Book Learning With Big Data

    Book Details:
  • Author : Viktor Mayer-Schönberger
  • Publisher : HarperCollins
  • Release : 2014-03-04
  • ISBN : 0544355504
  • Pages : 63 pages

Download or read book Learning With Big Data written by Viktor Mayer-Schönberger and published by HarperCollins. This book was released on 2014-03-04 with total page 63 pages. Available in PDF, EPUB and Kindle. Book excerpt: Homework assignments that learn from students. Courses tailored to fit individual pupils. Textbooks that talk back. This is tomorrow’s education landscape, thanks to the power of big data. These advances go beyond online courses. As the New York Times-bestselling authors of Big Data explain, the truly fascinating changes are actually occurring in how we measure students’ progress and how we can use that data to improve education for everyone, in real time, both on- and offline. Learning with Big Data offers an eye-opening, insight-packed tour through these new trends, for educators, administrators, and readers interested in the latest developments in business and technology.

Book Developing Effective Educational Experiences through Learning Analytics

Download or read book Developing Effective Educational Experiences through Learning Analytics written by Anderson, Mark and published by IGI Global. This book was released on 2016-04-07 with total page 380 pages. Available in PDF, EPUB and Kindle. Book excerpt: The quality of students’ learning experiences is a critical concern for all higher education institutions. With the assistance of modern technological advances, educational establishments have the capability to better understand the strengths and weaknesses of their learning programs. Developing Effective Educational Experiences through Learning Analytics is a pivotal reference source that focuses on the adoption of data mining and analysis techniques in academic institutions, examining how this collected information is utilized to improve the outcome of student learning. Highlighting the relevance of data analytics to current educational practices, this book is ideally designed for researchers, practitioners, and professionals actively involved in higher education settings.

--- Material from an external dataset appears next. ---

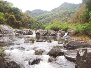 南渡江源头名叫南开河,南开河畔有个道银村。风光这边独好,无奈步步崎岖。
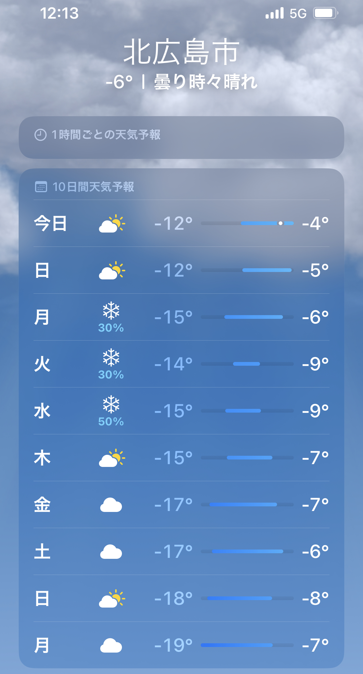 …関東や関西と比べたら、寒暖差はそこまでありませんが、ここ数週間と比べるとちょっと長いですね。ここまで最低気温の低い日が続くのはあまり記憶にありません。後半のマイナス19℃って初めてだと思います。

Book Contemporary Technologies in Education

Download or read book Contemporary Technologies in Education written by Olusola O. Adesope and published by Springer. This book was released on 2018-11-08 with total page 268 pages. Available in PDF, EPUB and Kindle. Book excerpt: This edited volume provides a critical discussion of theoretical, methodological, and practical developments of contemporary forms of educational technologies. Specifically, the book discusses the use of contemporary technologies such as the Flipped Classroom (FC), Massive Open Online Course (MOOC), Social Media, Serious Educational Games (SEG), Wikis, innovative learning software tools, and learning analytic approach for making sense of big data. While some of these contemporary educational technologies have been touted as panaceas, researchers and developers have been faced with enormous challenges in enhancing the use of these technologies to arouse student attention and improve persistent motivation, engagement, and learning. Hence, the book examines how contemporary technologies can engender student motivation and result in improved engagement and learning. Each chapter also discusses the road ahead and where appropriate, uses the current trend to predict future affordances of technologies.